Exercise goal: The answer must be an exact reprint of the lines from the one with "ଢାକା,୨୫।୧୨: ଦୁଇ ମ୍ୟାଚ୍‌" through the final line of the data, with no pictures included.

Provided data below:

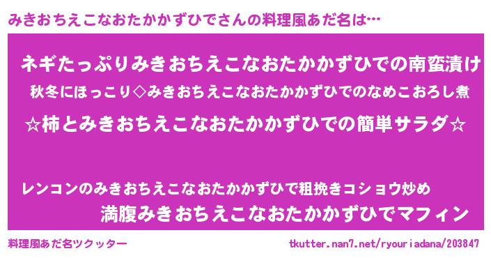 | 恥ずかしいあだ名 | 『プリティーみきおちえこなおたかかずひで』 |
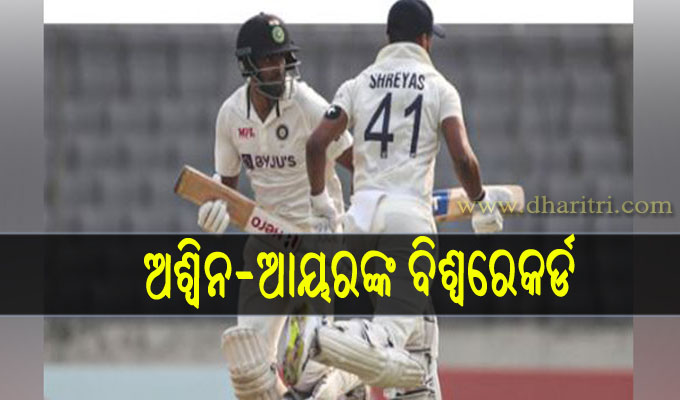 ଢାକା,୨୫।୧୨: ଦୁଇ ମ୍ୟାଚ୍‌ ବିଶିଷ୍ଟ ଟେଷ୍ଟ ସିରିଜରେ ଟିମ ଇଣ୍ଡିଆ ବାଂଲାଦେଶକୁ ୨-୦ରେ ପରାସ୍ତ କରିଛି। ଭାରତ ପାଇଁ ଏହି ମ୍ୟାଚରେ ରବିଚନ୍ଦ୍ରନ ଅଶ୍ୱିନ ଏବଂ ଶ୍ରେୟସ ଆୟର ବିଜୟର ହିରୋ ଥିଲେ। ଉଭୟ ଏହି ମ୍ୟାଚରେ ୭୧ ରନର ଏକ ମ୍ୟାଚ ବିଜୟୀ ଭାଗିଦାରୀ କରିଥିଲେ। ଦୁହିଁଙ୍କ ମଧ୍ୟରେ ଏହି ସହଭାଗିତା ମଧ୍ୟ ଏକ ବଡ଼ ରେକର୍ଡ ସୃଷ୍ଟି କରିଛି। ଚତୁର୍ଥ ଇନିଂସରେ ଭାରତରୁ ଅଷ୍ଟମ ପାଇଁ ଏହା ଦ୍ୱିତୀୟ ବୃହତ୍ତମ ଭାଗିଦାରୀ ଥିଲା।
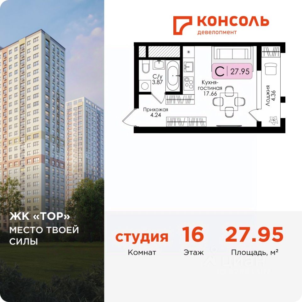 Продается квартира-студия 143 без отделки в ЖК ''ТОР'' площадью 27.95 на 16 этаже от застройщика Консоль девелопмент.

End of Provided data.

Result of this task:
 ଢାକା,୨୫।୧୨: ଦୁଇ ମ୍ୟାଚ୍‌ ବିଶିଷ୍ଟ ଟେଷ୍ଟ ସିରିଜରେ ଟିମ ଇଣ୍ଡିଆ ବାଂଲାଦେଶକୁ ୨-୦ରେ ପରାସ୍ତ କରିଛି। ଭାରତ ପାଇଁ ଏହି ମ୍ୟାଚରେ ରବିଚନ୍ଦ୍ରନ ଅଶ୍ୱିନ ଏବଂ ଶ୍ରେୟସ ଆୟର ବିଜୟର ହିରୋ ଥିଲେ। ଉଭୟ ଏହି ମ୍ୟାଚରେ ୭୧ ରନର ଏକ ମ୍ୟାଚ ବିଜୟୀ ଭାଗିଦାରୀ କରିଥିଲେ। ଦୁହିଁଙ୍କ ମଧ୍ୟରେ ଏହି ସହଭାଗିତା ମଧ୍ୟ ଏକ ବଡ଼ ରେକର୍ଡ ସୃଷ୍ଟି କରିଛି। ଚତୁର୍ଥ ଇନିଂସରେ ଭାରତରୁ ଅଷ୍ଟମ ପାଇଁ ଏହା ଦ୍ୱିତୀୟ ବୃହତ୍ତମ ଭାଗିଦାରୀ ଥିଲା।
 Продается квартира-студия 143 без отделки в ЖК ''ТОР'' площадью 27.95 на 16 этаже от застройщика Консоль девелопмент.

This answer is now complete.